> **Problem description**
Could you output the whole listing exactly as it stands, minus any images?

> **Data for processing**
--- --- ---

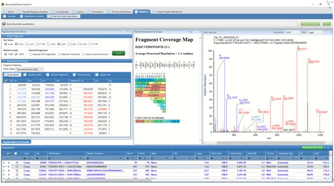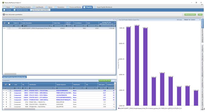Biopharma Finder 4.1單一軟件解決方案,可同時提供目標蛋白的肽圖分析結果及HCP的定性定量結果。
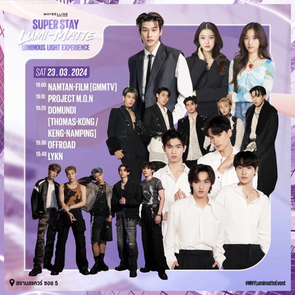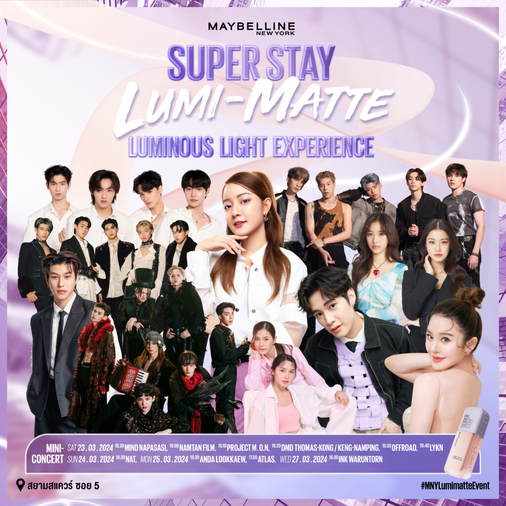 คนเก๋ คนชิค คนเทรนด์ ห้ามพลาด! Maybelline NEW YORK ประเทศไทย เนรมิตพื้นที่ใจกลางกรุงเทพฯ จัด งาน SUPER STAY LUMI-MATTE: LUMINOUS LIGHT EXPERIENCE สร้างปรากฏการณ์ผิวสวยล้อแสง เปิดตัวรองพื้นตัวใหม่ล่าสุด SuperStay Lumimatte ชวนศิลปิน นักแสดง ดารา อาทิ อิ้งค์วรันธร Brand Endorser – SuperStay Lumimatte Campaign พร้อมแก๊งศิลปินและไอดอล Gen-Z แห่งยุคที่ผนึกกำลังมาร่วมปล่อยแสงกันแบบ Day-to-Night นำโดย LYKN, ATLAS, Project M.O.N, ณฐ ณฐสิชณ์, ออฟโรด, โทมัส-ก้อง-เก่ง-น้ำปิง, น้ำตาล-ฟิล์ม, อันดา-ลูกแก้ว และมายด์ ณภศศิ ที่จะมาร่วมโชว์ผิวสวยล้อแสงท่ามกลางแสงไฟ Light Art Installation สุดอลังการและมินิคอนเสิร์ตในทุก ๆ วัน
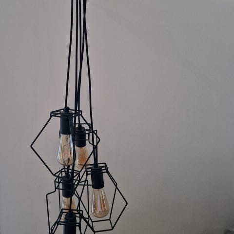 Valaisinliikkeessä esillä ollut ( käyttämätön) kattovalaisin. Metalli+ puu. Halkaisija 38cm, johdon pituus 1m. E27 poltin.
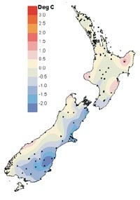 Difference from the averag air temperature in degrees Celsius for April 2003. (Click to enlarge)
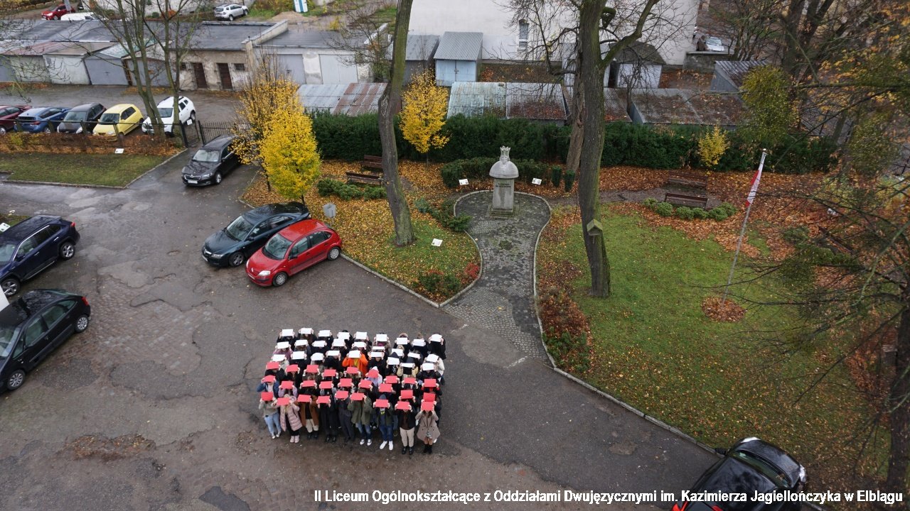 Nie ukrywamy, że pogoda nie rozpieszczała podczas realizacji happeningu. Deszczyk cały czas mżył, ale to nie przeszkodziło wykonać „żywą” biało-czerwoną flagę.
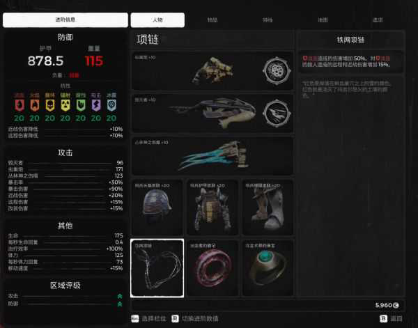 铁网项链+放血者的徽记+炼金术师的珠宝,都是雪原DLC新装备
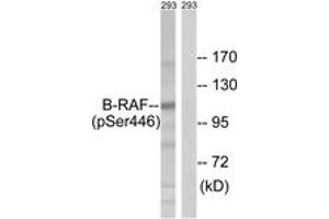 B-RAF (Phospho-Ser446) Antibody detects endogenous levels of B-RAF only when phosphorylated at Ser446.
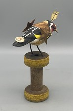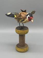 6”x5”x3” “Marion” Handmade! This sculpture features a solid wood , hand carved and hand painted bird, mounted on antique spool and he is adorned with vintage found objects. Inspired by the works of the Mullanium birds which are sadly no longer available.
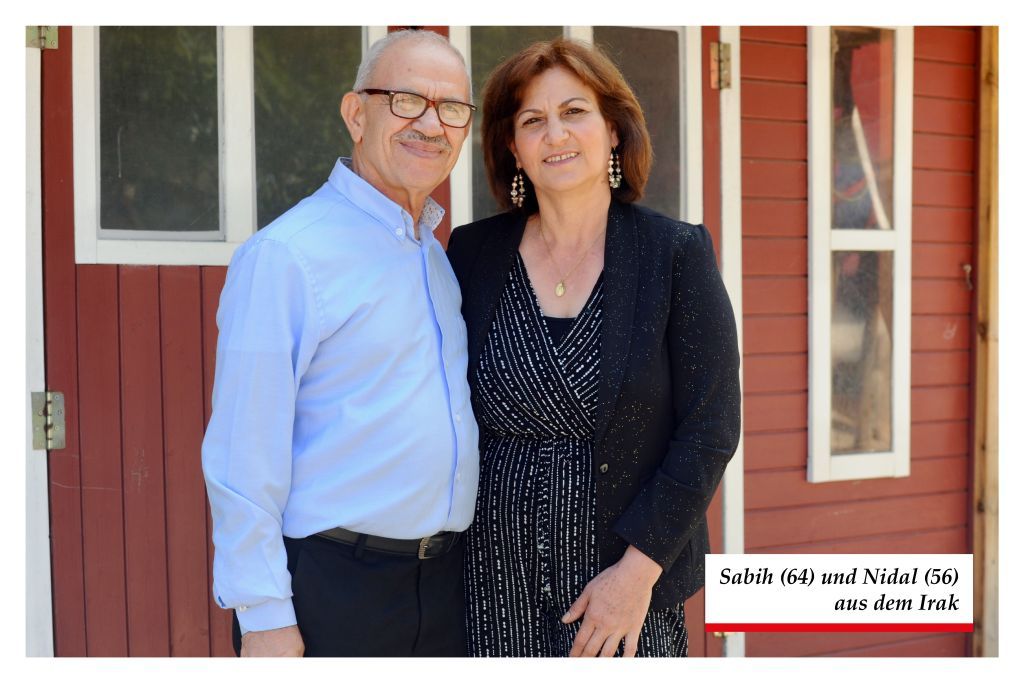 Das Ehepaar kommt aus dem Norden Iraks. Sie haben vier erwachsene Kinder. Sie sind Christen, ihre Muttersprache ist Aramäisch, die Sprache Jesu. Als der IS kam, waren Christen und auch Schiiten bedroht. Sie haben das Nötigste gepackt und sind in eine kurdische Stadt im Norden Iraks geflüchtet, dort waren die Menschen eine Weile sicherer. Später fand das Ehepaar mit den beiden Kindern in Deutschland einen sicheren Ort.
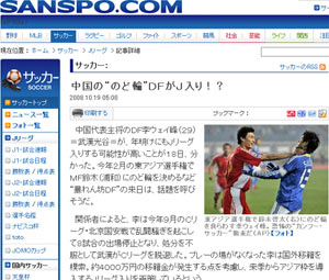 李瑋鋒即將加盟日本J聯賽的消息最早見諸于17日的日本雅虎體育。當時,雅虎體育就以“功夫足球將登陸日本?”為題,曝出了中國國家隊主力李瑋鋒即有可能在明年初加盟J聯賽,并稱李瑋鋒“作為最強最兇悍的后衛,堪稱中國功夫足球的代名詞”。19日,日本產經體育等多家媒體進一步證實了這一消息,并稱“動粗小子”李瑋鋒的到來不 啻為一場“恐怖襲擊”。
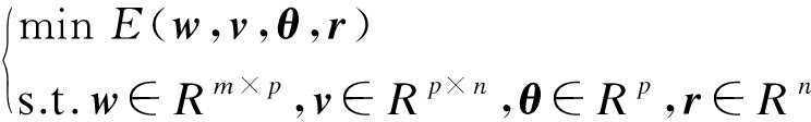 神经网络(BP)算法是一种借鉴人体神经元结构来进行信息处理和计算的智能算法,具有高度的自组织性和自学习性等优点,善于处理推理、判断等问题,但该算法也存在收敛速度慢、容易陷入局部极小值和网络泛化能力差等缺点[7-8].为了避免BP算法的上述缺陷,本文引入了GA遗传算法,将这两种算法结合到一起来进行计算,并对网络的安全程度进行计算和评价.在算法中,令E为目标函数,w和v分别为输入层到隐含层、隐含层到输出层的权值矩阵,θ和r分别为对应的阈值矩阵,m为输入层的数量,n为输出层的数量,p为隐含层的数量,则GABP算法的数学表达式为
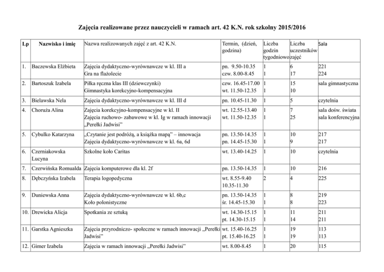Zajęcia realizowane przez nauczycieli w ramach art. 42 K.N. rok
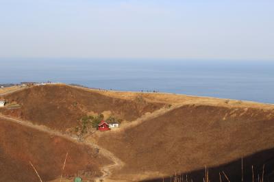 伊豆高原の大室山に登りました。登るといっても、バス停を降りてすぐにリフトに乗ると10分で300Mの山の山頂です。大室山は休火山ですが、外輪を歩いて一周まわると伊豆半島や大島などが見られて感動しました。
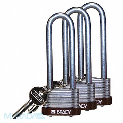 Keyed Padlock Body Color Brown Body Height 1 1/10 in Body Material Steel Body Thickness 1 in Body Width 1 7/10 in Header None/No Header Horizontal Shackle Clearance 4/5 in Key Style Standard Key Type Keyed Alike Non-Removable Key Yes Resistance Properties Corrosion Resistant Shackle Diameter 1/4 in Shackle Height 3 in Shackle Material Hardened Steel Shackle Type Extended Vertical Shackle Clearance 3 in Width Across Shackle 3/4 in Body Material Coating Laminated
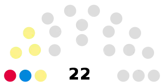 Party Seats Gains Losses Net gain/loss Seats % Votes % Votes +/−
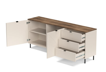 - Moderný štýl. Elegantný dizajn v dekore kašmír a dub castello sa hodí do každého moderného interiéru.
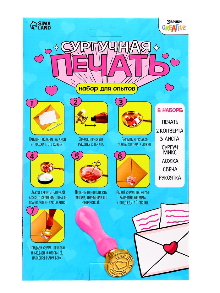 Набор для опытов для детей «Сургучная печать. Я тебя люблю», штамп, сургуч, конверт для письма
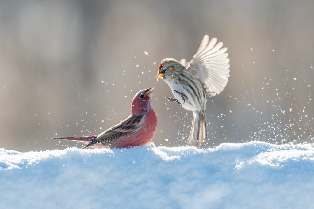 Šumske ptice snimljene su na farmi u Suihua, u pokrajini Heilongjiang, kako traže hranu i spariraju na suncu. Ne pokazujući strah od hladnoće, ptice su mahale krilima i širile pandže, prskajući snijeg na sve strane. Stvorile su sliku zimske vitalnosti u sjeveroistočnoj Kini.
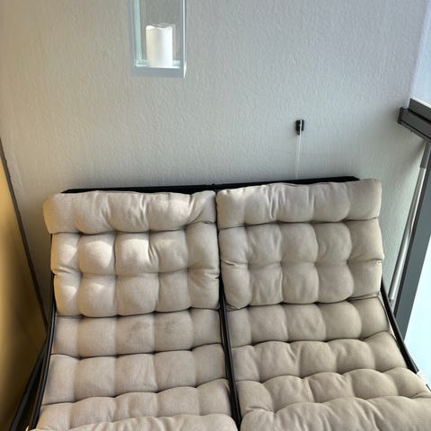 Myydään muuton tieltä pois terassi/parveke sohvamoduuli (ovh 300€) ja pöytä ulkokäyttöön. Sohvassa on kaksi istuin- ja kaksi selkätyynyä harmaalla kangas verhoilulla. Runko on metallia ja matala rakenne sopii parvekkeelle tai terassille. Voidaan peilikääntää. L153 x K72 x S84 cm
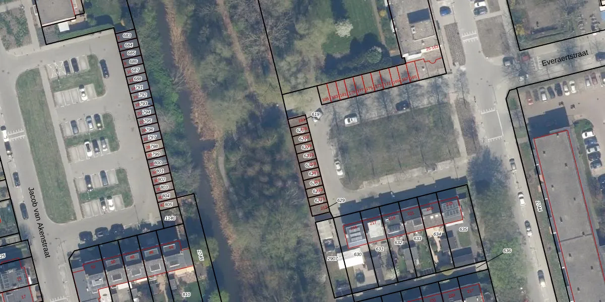 Gebruik de zoekbalk of klik op een perceel voor informatie over de adressen binnen dit perceel.
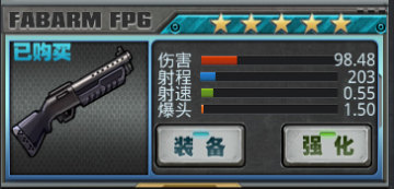 5)散弹枪:距离越近,伤害越高,近距离战斗无敌.切使用灵活,重量较轻,但射程很短,远距离作战不推荐。
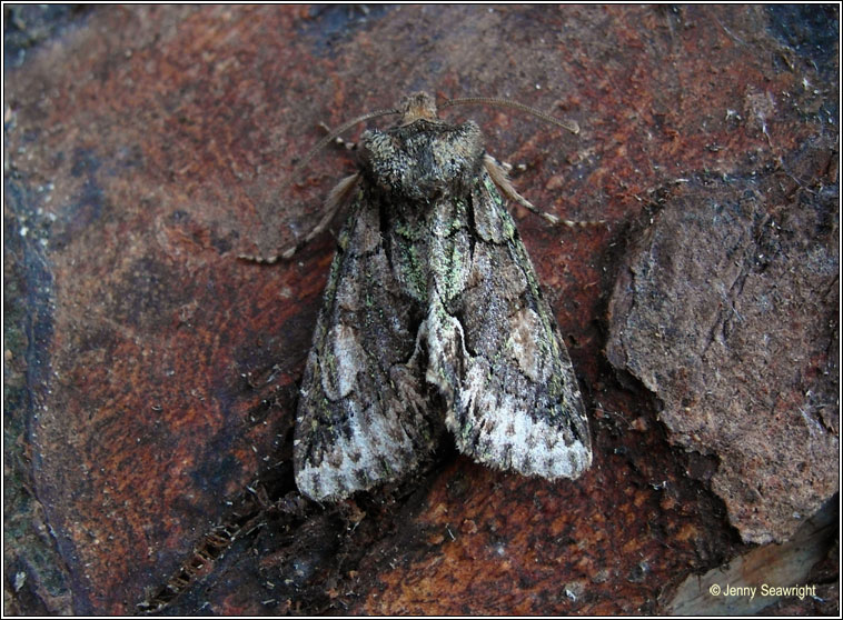 Family: Noctuidae Sub-family: Cuculliinae 2245 * Green-brindled Crescent * Allophyes oxyacanthae Widespread, locally common Wingspan: 35-45mm Flight time: September-November Habitat: Hedges, woodlands, gardens Larval food plants: Leaves of deciduous trees and shubs; Blackthorn, Hawthorn, Crab-apple, Rowan, Plum and Dog-rose |
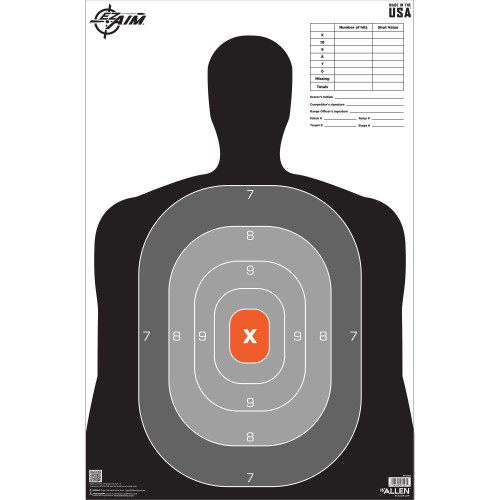 Pro-Shot Products B27 Silhouette Target Pro is a 23" x 35" paper target designed for precision shooting practice and marksmanship training. The pack contains 5 targets with a gray and black silhouette design. These targets are suitable for use at indoor and outdoor ranges for handgun and rifle practice.
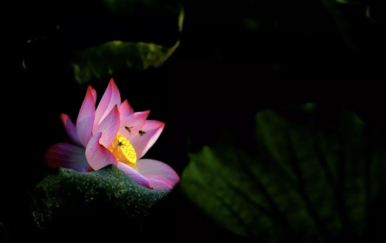 點評:在這幅畫面中,幽暗的背景環境為畫面明暗對比之運用提供了較好的條件,而荷花也在這種對比之下得到了凸顯,并使得其色彩看上去更加明亮飽滿起來,其間的蜜蜂則為畫面帶來了生機和情趣。
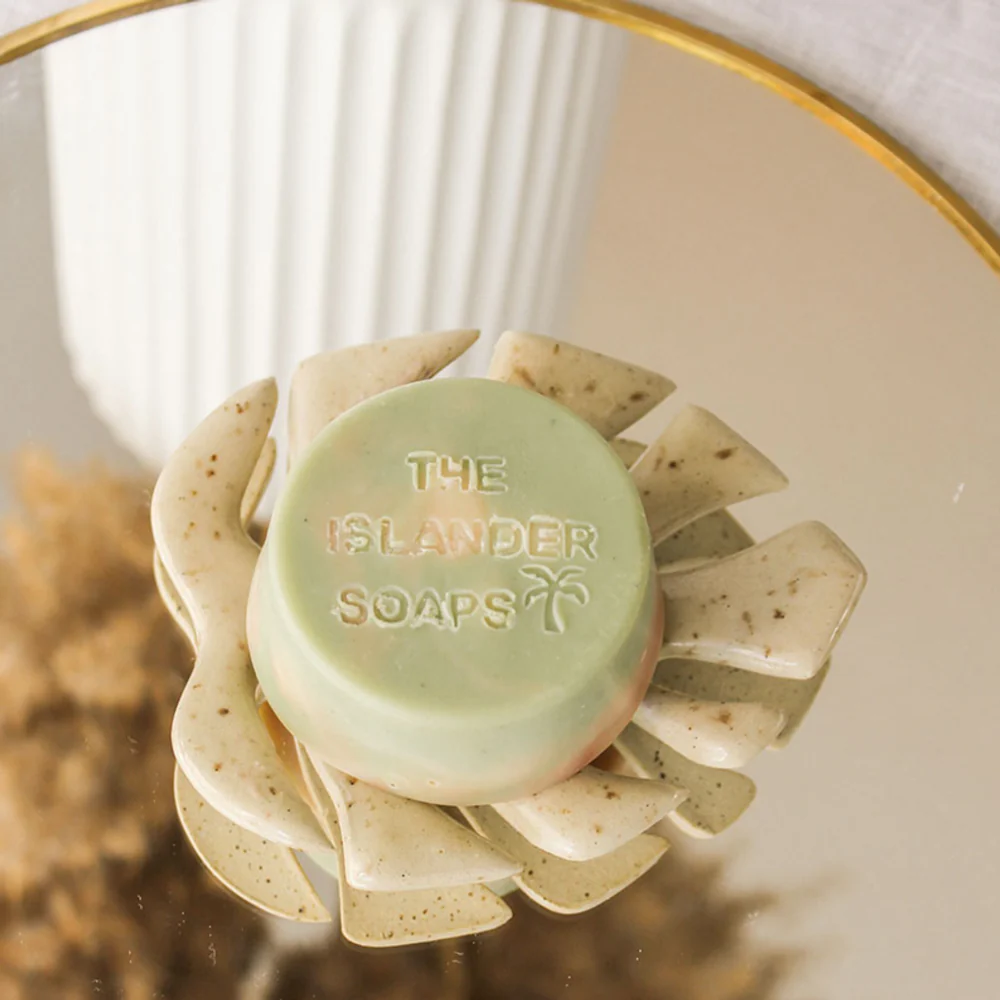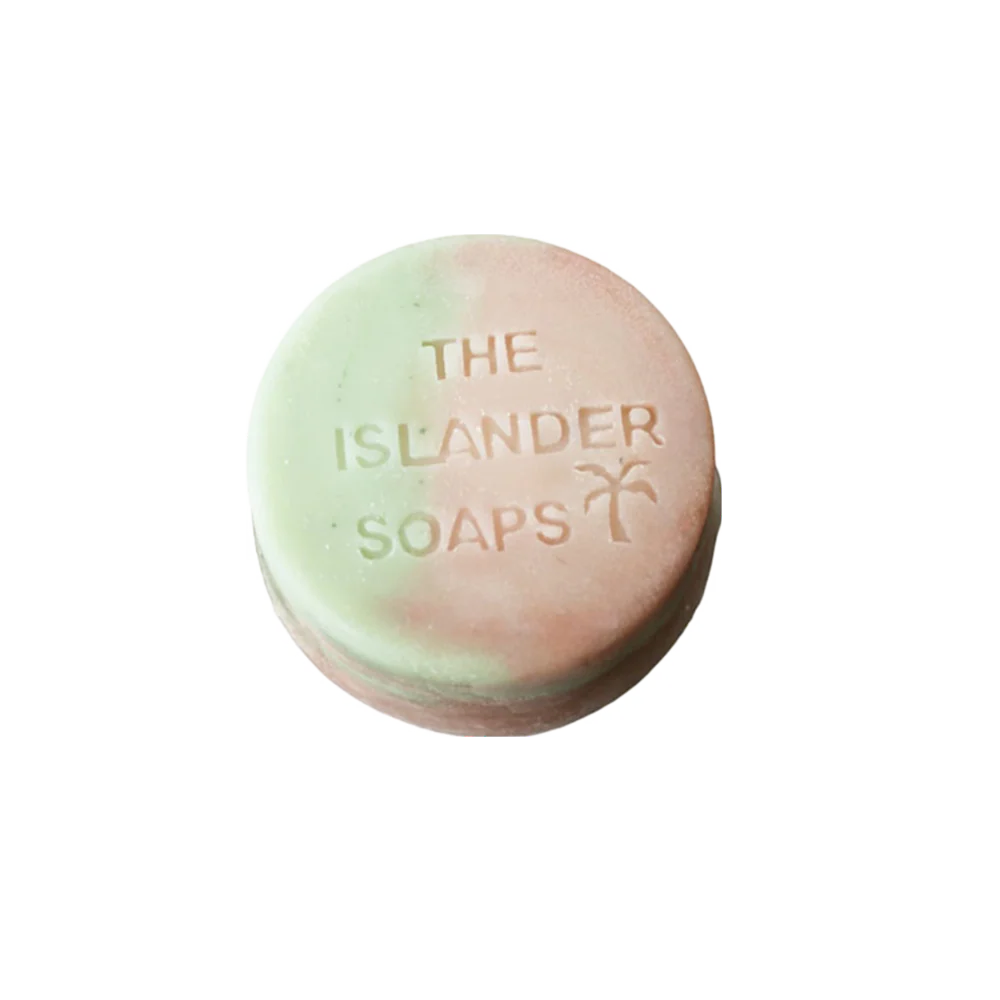 Ingrédients : Huile de noix de coco et fleurs tiare, beurre de karité, huile d’olive vierge, huile de ricin, hydroxyde de sodium, eau, fragrance sans parabènes et phtalates, oxyde verte, argile rose.

--- --- ---

> **Solution to the problem**
Biopharma Finder 4.1單一軟件解決方案,可同時提供目標蛋白的肽圖分析結果及HCP的定性定量結果。
 คนเก๋ คนชิค คนเทรนด์ ห้ามพลาด! Maybelline NEW YORK ประเทศไทย เนรมิตพื้นที่ใจกลางกรุงเทพฯ จัด งาน SUPER STAY LUMI-MATTE: LUMINOUS LIGHT EXPERIENCE สร้างปรากฏการณ์ผิวสวยล้อแสง เปิดตัวรองพื้นตัวใหม่ล่าสุด SuperStay Lumimatte ชวนศิลปิน นักแสดง ดารา อาทิ อิ้งค์วรันธร Brand Endorser – SuperStay Lumimatte Campaign พร้อมแก๊งศิลปินและไอดอล Gen-Z แห่งยุคที่ผนึกกำลังมาร่วมปล่อยแสงกันแบบ Day-to-Night นำโดย LYKN, ATLAS, Project M.O.N, ณฐ ณฐสิชณ์, ออฟโรด, โทมัส-ก้อง-เก่ง-น้ำปิง, น้ำตาล-ฟิล์ม, อันดา-ลูกแก้ว และมายด์ ณภศศิ ที่จะมาร่วมโชว์ผิวสวยล้อแสงท่ามกลางแสงไฟ Light Art Installation สุดอลังการและมินิคอนเสิร์ตในทุก ๆ วัน
 Valaisinliikkeessä esillä ollut ( käyttämätön) kattovalaisin. Metalli+ puu. Halkaisija 38cm, johdon pituus 1m. E27 poltin.
 Difference from the averag air temperature in degrees Celsius for April 2003. (Click to enlarge)
 Nie ukrywamy, że pogoda nie rozpieszczała podczas realizacji happeningu. Deszczyk cały czas mżył, ale to nie przeszkodziło wykonać „żywą” biało-czerwoną flagę.
 铁网项链+放血者的徽记+炼金术师的珠宝,都是雪原DLC新装备
 B-RAF (Phospho-Ser446) Antibody detects endogenous levels of B-RAF only when phosphorylated at Ser446.
 6”x5”x3” “Marion” Handmade! This sculpture features a solid wood , hand carved and hand painted bird, mounted on antique spool and he is adorned with vintage found objects. Inspired by the works of the Mullanium birds which are sadly no longer available.
 Das Ehepaar kommt aus dem Norden Iraks. Sie haben vier erwachsene Kinder. Sie sind Christen, ihre Muttersprache ist Aramäisch, die Sprache Jesu. Als der IS kam, waren Christen und auch Schiiten bedroht. Sie haben das Nötigste gepackt und sind in eine kurdische Stadt im Norden Iraks geflüchtet, dort waren die Menschen eine Weile sicherer. Später fand das Ehepaar mit den beiden Kindern in Deutschland einen sicheren Ort.
 李瑋鋒即將加盟日本J聯賽的消息最早見諸于17日的日本雅虎體育。當時,雅虎體育就以“功夫足球將登陸日本?”為題,曝出了中國國家隊主力李瑋鋒即有可能在明年初加盟J聯賽,并稱李瑋鋒“作為最強最兇悍的后衛,堪稱中國功夫足球的代名詞”。19日,日本產經體育等多家媒體進一步證實了這一消息,并稱“動粗小子”李瑋鋒的到來不 啻為一場“恐怖襲擊”。
 神经网络(BP)算法是一种借鉴人体神经元结构来进行信息处理和计算的智能算法,具有高度的自组织性和自学习性等优点,善于处理推理、判断等问题,但该算法也存在收敛速度慢、容易陷入局部极小值和网络泛化能力差等缺点[7-8].为了避免BP算法的上述缺陷,本文引入了GA遗传算法,将这两种算法结合到一起来进行计算,并对网络的安全程度进行计算和评价.在算法中,令E为目标函数,w和v分别为输入层到隐含层、隐含层到输出层的权值矩阵,θ和r分别为对应的阈值矩阵,m为输入层的数量,n为输出层的数量,p为隐含层的数量,则GABP算法的数学表达式为
Zajęcia realizowane przez nauczycieli w ramach art. 42 K.N. rok
 伊豆高原の大室山に登りました。登るといっても、バス停を降りてすぐにリフトに乗ると10分で300Mの山の山頂です。大室山は休火山ですが、外輪を歩いて一周まわると伊豆半島や大島などが見られて感動しました。
 Keyed Padlock Body Color Brown Body Height 1 1/10 in Body Material Steel Body Thickness 1 in Body Width 1 7/10 in Header None/No Header Horizontal Shackle Clearance 4/5 in Key Style Standard Key Type Keyed Alike Non-Removable Key Yes Resistance Properties Corrosion Resistant Shackle Diameter 1/4 in Shackle Height 3 in Shackle Material Hardened Steel Shackle Type Extended Vertical Shackle Clearance 3 in Width Across Shackle 3/4 in Body Material Coating Laminated
 Party Seats Gains Losses Net gain/loss Seats % Votes % Votes +/−
 - Moderný štýl. Elegantný dizajn v dekore kašmír a dub castello sa hodí do každého moderného interiéru.
 Набор для опытов для детей «Сургучная печать. Я тебя люблю», штамп, сургуч, конверт для письма
 Šumske ptice snimljene su na farmi u Suihua, u pokrajini Heilongjiang, kako traže hranu i spariraju na suncu. Ne pokazujući strah od hladnoće, ptice su mahale krilima i širile pandže, prskajući snijeg na sve strane. Stvorile su sliku zimske vitalnosti u sjeveroistočnoj Kini.
 Myydään muuton tieltä pois terassi/parveke sohvamoduuli (ovh 300€) ja pöytä ulkokäyttöön. Sohvassa on kaksi istuin- ja kaksi selkätyynyä harmaalla kangas verhoilulla. Runko on metallia ja matala rakenne sopii parvekkeelle tai terassille. Voidaan peilikääntää. L153 x K72 x S84 cm
 Gebruik de zoekbalk of klik op een perceel voor informatie over de adressen binnen dit perceel.
 5)散弹枪:距离越近,伤害越高,近距离战斗无敌.切使用灵活,重量较轻,但射程很短,远距离作战不推荐。
 Family: Noctuidae Sub-family: Cuculliinae 2245 * Green-brindled Crescent * Allophyes oxyacanthae Widespread, locally common Wingspan: 35-45mm Flight time: September-November Habitat: Hedges, woodlands, gardens Larval food plants: Leaves of deciduous trees and shubs; Blackthorn, Hawthorn, Crab-apple, Rowan, Plum and Dog-rose |
 Pro-Shot Products B27 Silhouette Target Pro is a 23" x 35" paper target designed for precision shooting practice and marksmanship training. The pack contains 5 targets with a gray and black silhouette design. These targets are suitable for use at indoor and outdoor ranges for handgun and rifle practice.
 點評:在這幅畫面中,幽暗的背景環境為畫面明暗對比之運用提供了較好的條件,而荷花也在這種對比之下得到了凸顯,并使得其色彩看上去更加明亮飽滿起來,其間的蜜蜂則為畫面帶來了生機和情趣。
 Ingrédients : Huile de noix de coco et fleurs tiare, beurre de karité, huile d’olive vierge, huile de ricin, hydroxyde de sodium, eau, fragrance sans parabènes et phtalates, oxyde verte, argile rose.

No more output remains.